RKN: Is a recent graduate of the Biomedical Devices graduate program at SJSU with a Bachelor’s Degree in Medical Electronics. SLR: Is a recent graduate of the Biomedical Devices Graduate program at SJSU with a Bachelor’s Degree in Chemical Engineering. JJR: Is a graduate student in the Biomedical Engineering program at SJSU with with a Bachelor’s Degree in Chemical Engineering. MK: Dr. Keralapura is an Assistant Professor in the department of Electrical Engineering and Director of the Biomedical Systems Laboratory at SJSU. She has extensive experience in fundamental mechanical measurements of tissue and tissue-like media using both rheological techniques with ultrasound strain imaging.
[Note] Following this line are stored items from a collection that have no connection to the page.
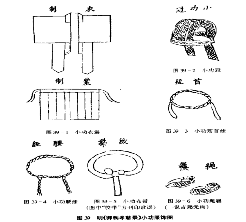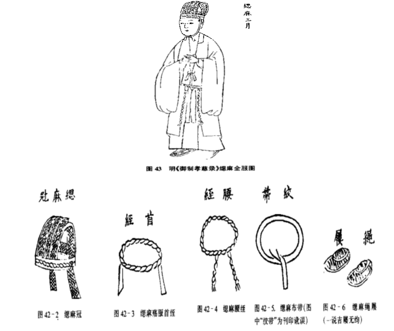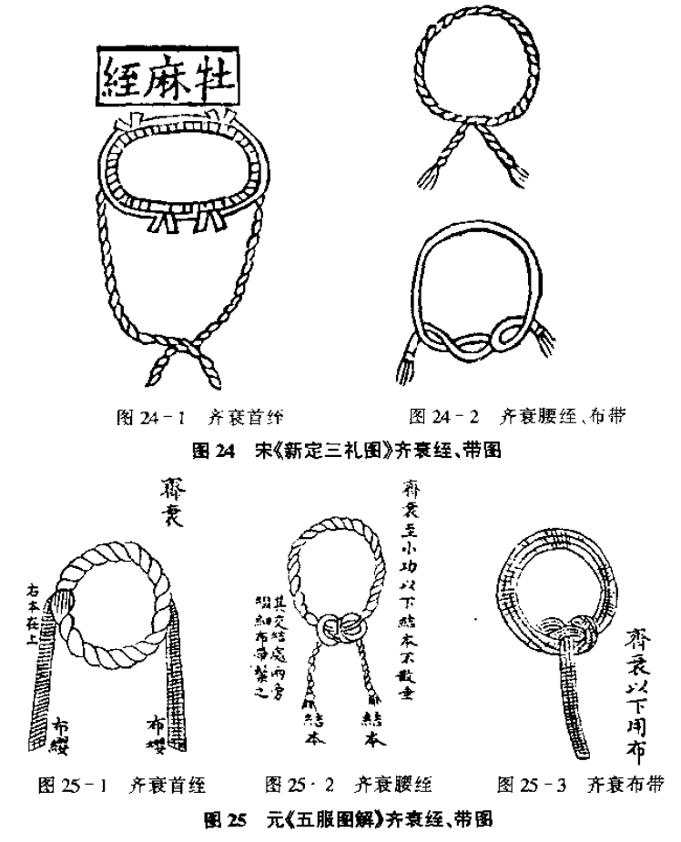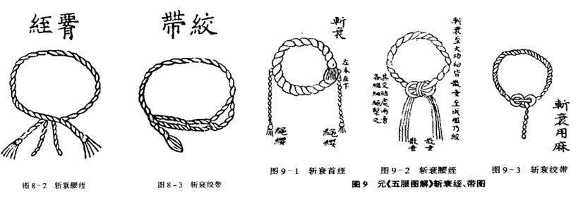 除斩衰服外,服丧者还要在头上、腰上绑扎用麻制成的麻绳带,分别谓之首绖、腰绖。历代也多有差异: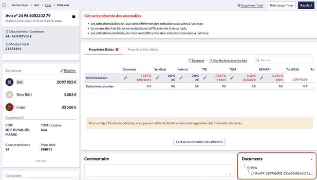Dans WIM, chaque avis de taxe foncière est centralisé et consultable sous forme numérique.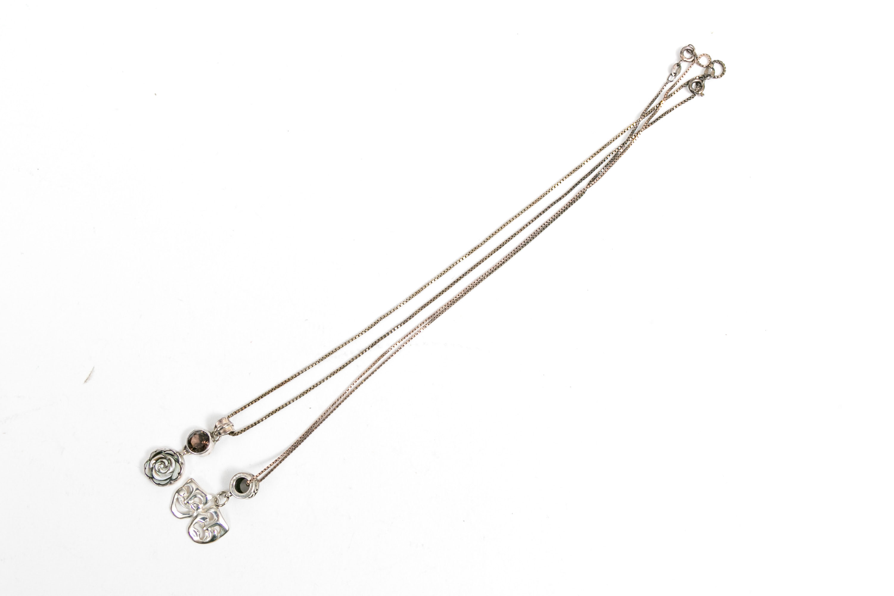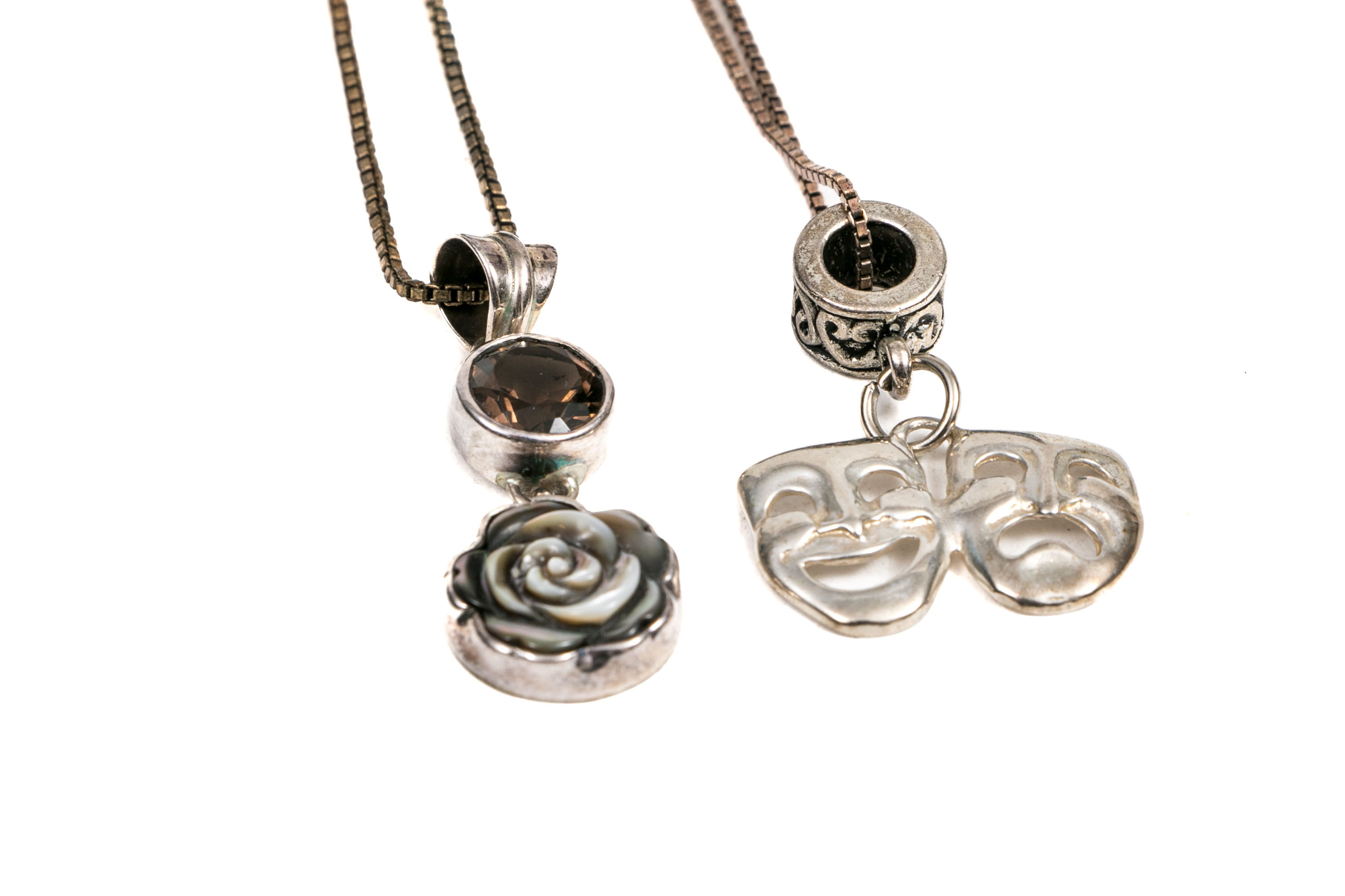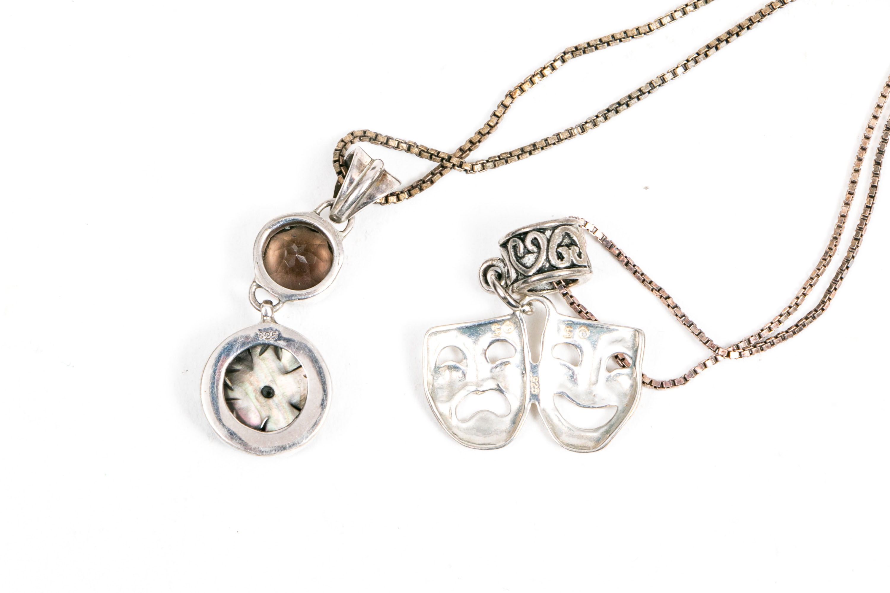 Two sterling silver box style chains with spring ring style clasps. Displayed on the chains are two pendants, one with masks and the second with a carved dark mother of pearl flower and smoky quartz stone.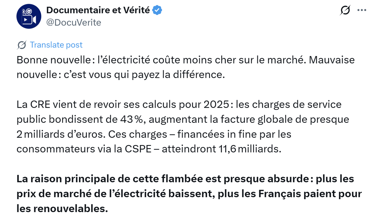 « Bonne nouvelle : l'électricité coûte moins cher sur le marché. Mauvaise nouvelle : c'est vous qui payez la différence. La CRE vient de revoir ses calculs pour 2025 : les charges de service public bondissent de 43 %, augmentant la facture globale de presque 2 milliards d'euros. Ces charges – financées in fine par les consommateurs via la CSPE – atteindront 11,6 milliards. La raison principale de cette flambée est presque absurde : plus les prix de marché de l'électricité baissent, plus les Français paient pour les renouvelables. »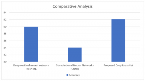 Table 3 offers a comparison of the suggested CropStressNet model with current models, namely with reference to Deep Residual Neural Network (ResNet) and Convolutional Neural Networks (CNN). CropStressNet's performance is assessed using accuracy, therefore indicating a notable improvement in predicting powers in the field of crop stress evaluation. With an accuracy of 90%, the Deep Residual Neural Network (ResNet) proves to be really useful in many different fields. With an amazing accuracy of 92.14%, the suggested CropStressNet does, however, surpass this approach. This development shows a clear increase in the model's capacity to accurately identify cases of crop stress, hence increasing its dependability for agricultural surveillance. By comparison, the conventional CNNs have a less accuracy of 84.1%. This disparity highlights the need of more specialised architectures like CropStressNet by stressing the limits of CNNs in managing the complexity related with crop stress detection. The higher accuracy of the suggested model suggests that, probably because of its architectural innovations and training approaches, it is more suited to capture complex patterns in the data. Overall, the improved performance of CropStressNet shows a significant contribution to the field and promises better decision-making possibilities for farmers and agricultural stakeholders in properly managing crop health.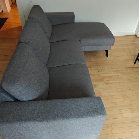 Hjørnesofa med chaiselong fra IKEA.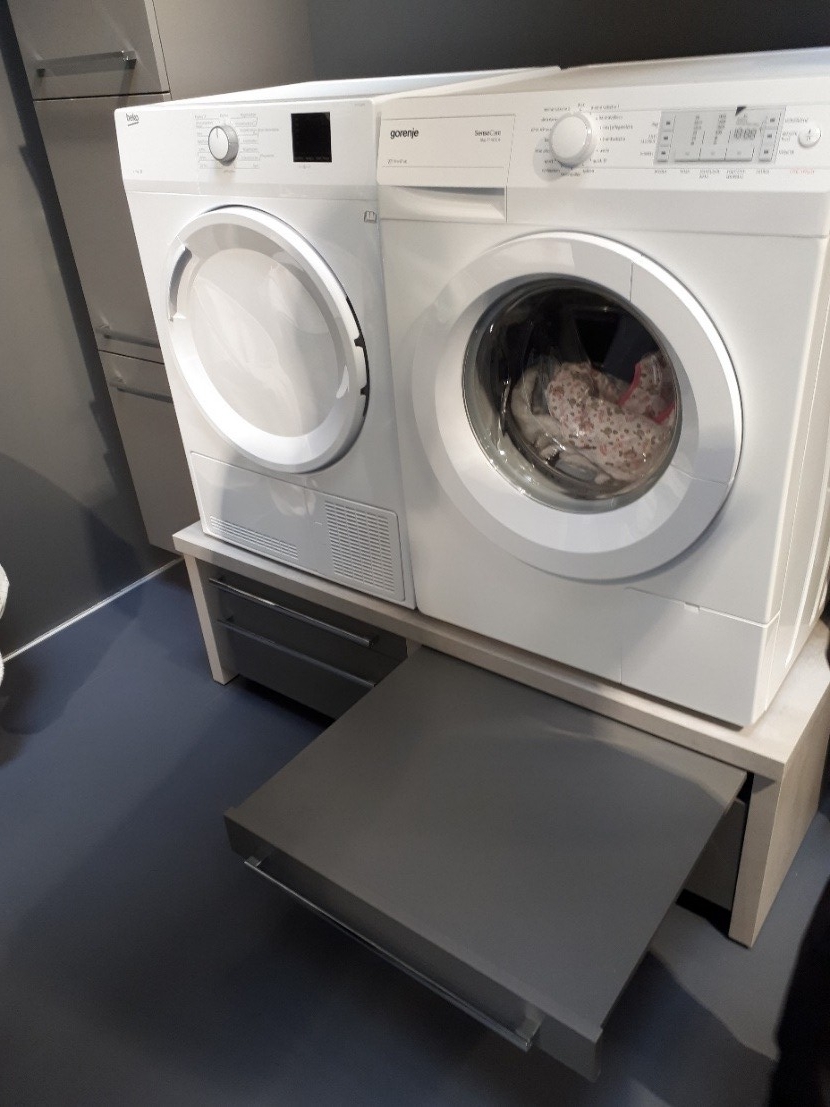 案例8:洗衣机柜叠衣板。洗衣机柜底设计一块可拉伸的叠衣板,为用户提供了很大的便利,不使用的时候也可以再推进去节省空间。而这种定位单元还可以用在餐边柜,收纳放置小型电器。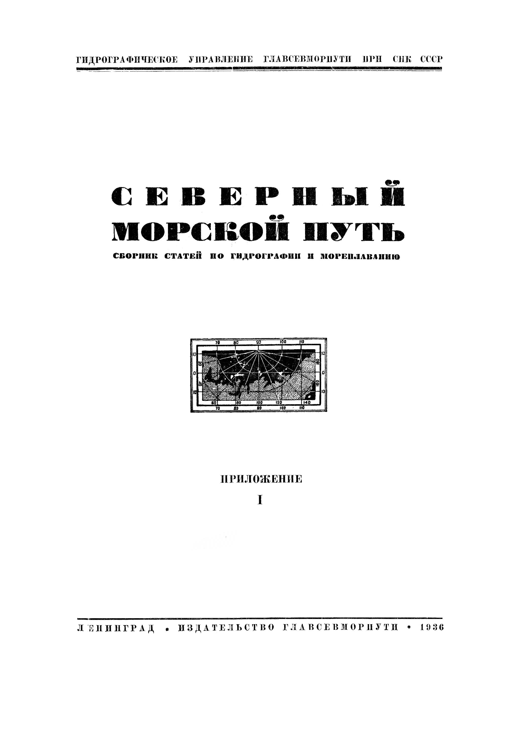 "Северный морской путь. Сборник статей по гидрографии и мореплаванию" Приложение I. Л., Изд-во Главсевморпути, 1936. 26 с., илл., карт.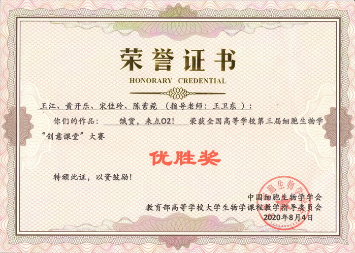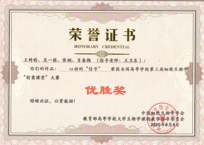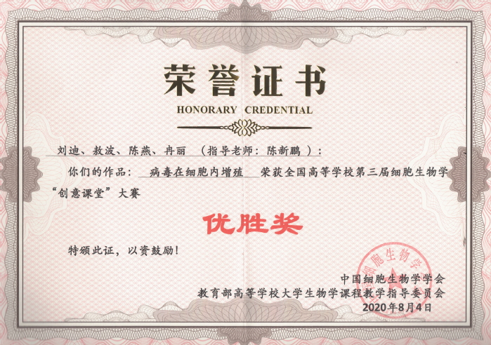 全国高校第三届细胞生物学“创意课堂”大赛获奖证书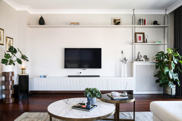 Hala genç, heyecanlı ve ne istediğini çok iyi bilen Sos Interior ile çalışmak isteyen ev sahibinin ilk beklentisi, evindeki mobilyalar çok tekdüze olduğu için ruh katmak ve kendi stilini eve yansıtmak istemesiymiş. Ev sahibi ve yaşam alanı arasındaki ilişkiyi güçlendirmeyi hedefledikleri bu projede Sos ekibi, mevcut mobilyaların bazılarını muhafaza ederken bazılarını dönüştürmüşler. Ve tabii ki proje için özel parçalar tasarlayıp atölyelerinde ürettirmişler. Gün ışığını olabildiğince içeride tutmak için genel olarak açık renkler kullanılmış. Ev sahibi evde yeşili, bitki görmeyi çok sevdiği için hem kendi bitkilerini hem de bazı ilaveler yapılarak plana dahil edilmiş. TV cephesi için tasarlanan ünite atölyede özel olarak üretilen parçalardan bir tanesi. Bütünsel bir tasarıma ulaşmak adına burada herhangi bir vurgu yapmaktan kaçınarak, TV ünitesinin duvar rengiyle aynı renk olmasına özen gösterilmiş ve hareket katmak adına pirinç ve metal detaylar kullanılmış.
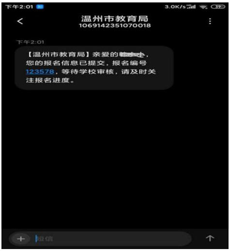 填写完信息后,点击提交,会提示报名成功,并以短信提醒方式发送至报名表中的“监护人1”的手机上(如下图)。请家长务必记住“监护人1”的手机号码,并及时查看“报名结果”。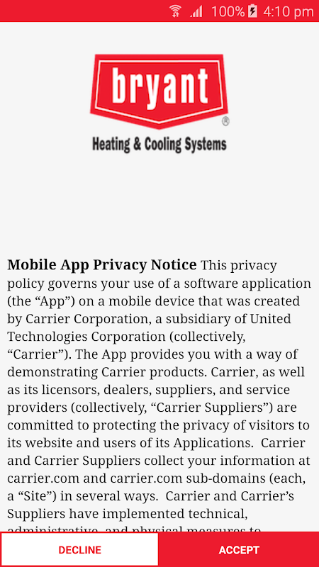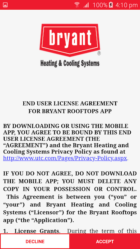Bryant® Atap aplikasi memungkinkan pengguna untuk melakukan seleksi pada-spot unit atap HVAC.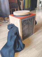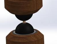 Die runde Holzplatte ist über ein Rundholz fest mit dem Magneten Verbunden, praktischerweise durch die Polkernbohrung geschraubt.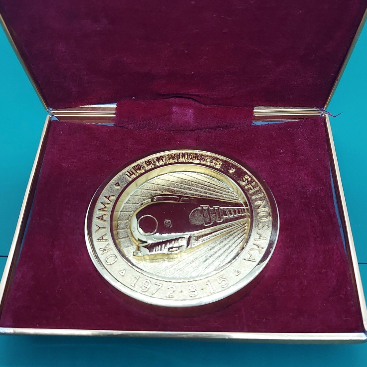 記念メダル 純金メッキ 山陽新幹線開通記念メダル 1972年3月15日山陽新幹線(新大阪~岡山間)開通記念 ケース・説明書付き 【L122】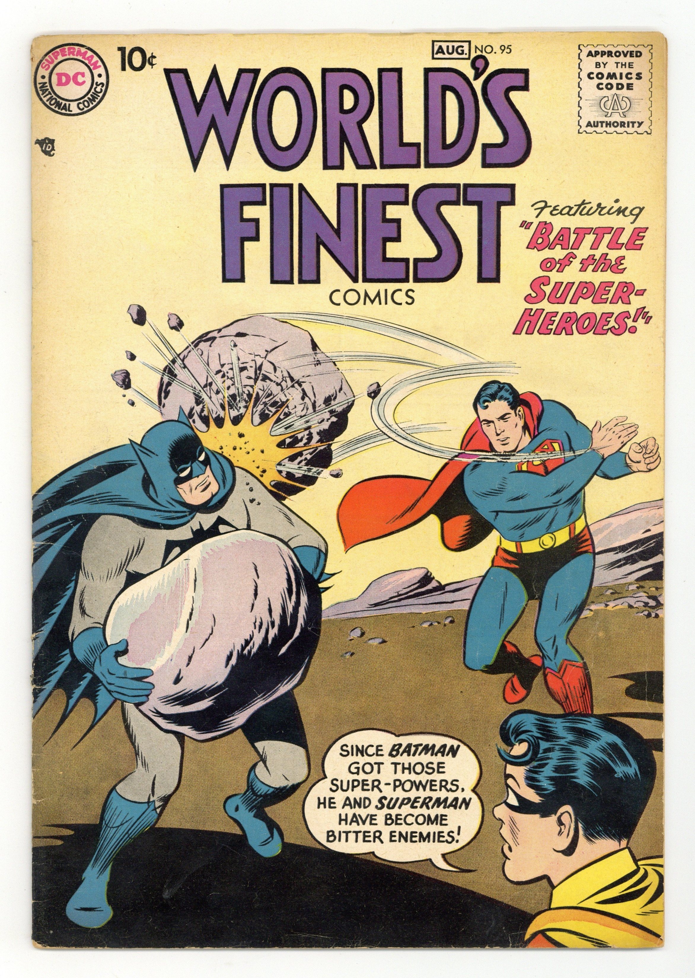 Cover pencils by Curt Swan, inks by Stan Kaye. Are You a Litter Bug? public service announcement starring Little Pete, script by Jack Schiff, art by Henry Boltinoff. The Battle of the Super-Heroes starring Superman and Batman, script by Dave Wood, pencils by Dick Sprang, inks by Ray Burnley; Alien gamblers give Batman super-powers as part of a bet. Ollie humor two-pager by Henry Boltinoff. The Indian Troubadour starring Tomahawk, art by Fred Ray. Tasteful Triumph text article; history of the ice cream cone. Green Arrow Vs. the Red Dart, art by George Papp; John Mallory pretends to be the superhero Red Dart to prevent Green Arrow and Speedy from stopping his gang's crime spree. 36 Pages, Full Color. Cover price $0.10.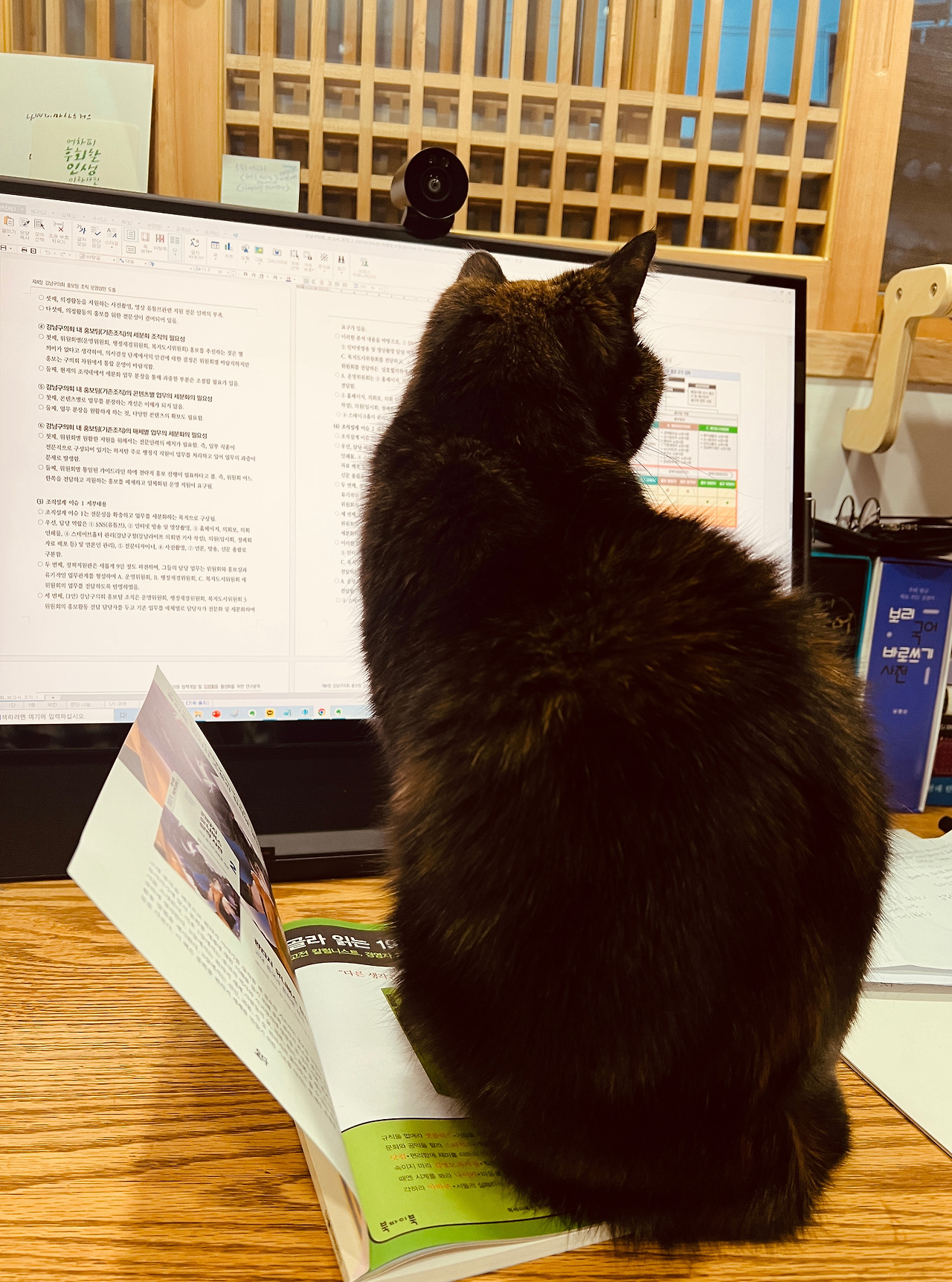 기획회의를 읽다가 다시 인스타그램에 들어가 김영하, 김금희 관련 글들을 검색해서 읽었다. 김금희 작가는 독서를 하는 사진 밑에 달린 '아름답습니다'라는 팬들 댓글들에 "아이쿠, 고맙습니다."라며 쑥스러워하고 있었다. 나도 김금희 작가의 팬이라 댓글을 달고 싶었지만 새벽에 너무 광적인 글을 달면 작가가 무서워할까 봐 참기로 했다. 스마트폰을 놓고 다시 책상 쪽을 바라보니 고양이 순자가 기획회의를 깔고 앉은 채 모니터를 턱 가로막고 있었다. 도대체 뭘 하자는 건가.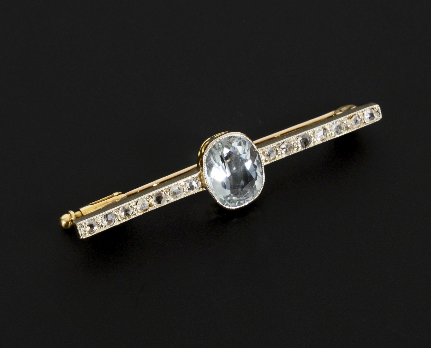 Bar brooch, probably around the turn of the century, with a bezel-set aquamarine between 7 rose-cut diamonds each, the setting decorated with millegriffes.

She is a highly respected young contributor in the field of Medical Physics. MG: Dr. Goedert is an Adjunct Professor in the department of Biomedical, Chemical and Materials Engineering at SJSU and a French Chemistry Society Prize winner. He has over 20 years of experience in high precision sensor development and 10 years of experience in micro-channel surface characterization. MMM: Dr. Mobed-Miremadi is an instructor and Endowed Chair of Bioengineering at SJSU. She has researched microencapsulation methods extensively and has over 10 years of experience in the biomedical industry specifically in the areas of inkjet bio-printing .bio-reactor design genomics (micro-array fabrication) and medical devices.